Bad credit is not an obstacle.
Why do people turn to payday loans? Usually because they cannot get credit anywhere else. Commercial banks and credit unions lend people money based on risk. That risk is based largely upon a three-digit number known as a credit score. If your score is low, most lenders won’t approve your application. However, payday lenders usually do not consider your credit score — just your ability to pay back the loan.
Lenders are accessible online.
Some payday lenders set up shop in neighborhoods, but many can be reached online. The advantage of Internet lenders is that you can do business from the convenience of your computer. This means you can fill out an application online, wait for approval and have monies deposited into your bank account just moments later. It just doesn’t get any easier than that.
Full disclosure is offered.
Payday lenders are licensed and regulated by the states. Each state conducts business oversight and requires that certain disclosures be made by lenders to consumers. The states may cap interest rates, restrict loan terms and provide other oversight to the benefit of consumers. You can check with your state’s consumer credit department to verify that the lender you want to deal with is legitimate.
Interest rates are higher.
No doubt about it that the interest rates for payday loans are higher, even much higher than other loan options. The reason? Risk. Lenders stand a much greater chance of losing everything by lending to you. This fact should not be taken personally, rather it demonstrates that such lenders are covering a segment of the consumer market others have decided to avoid.
Loan terms may be too short for some.
Take out a payday loan and you will typically pay back the loan with interest within two weeks. Most definitely that short term may not be enough for some consumers. Given that is a “payday” loan, it is designed to be paid off the next time you get paid. You can, however, extend the loan term one or more times as per your state requirements. You will pay interest and a fee for each extension.

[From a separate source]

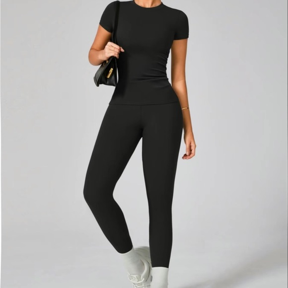 Solid round neck Tee & High Waisted leggings

Not all lenders operate professionally.
Yes, it is true. There are unscrupulous payday loan operators including businesses that should be shut down. Fortunately, your state government handles complaints and conducts audits, with an eye to correct problems as soon as they are alerted or identified.
Clearly, payday loans are not for everyone. Nor should they be avoided because of potential abuse. As a consumer, you should always be informed. Carefully review any loan agreement before entering into a consumer contract.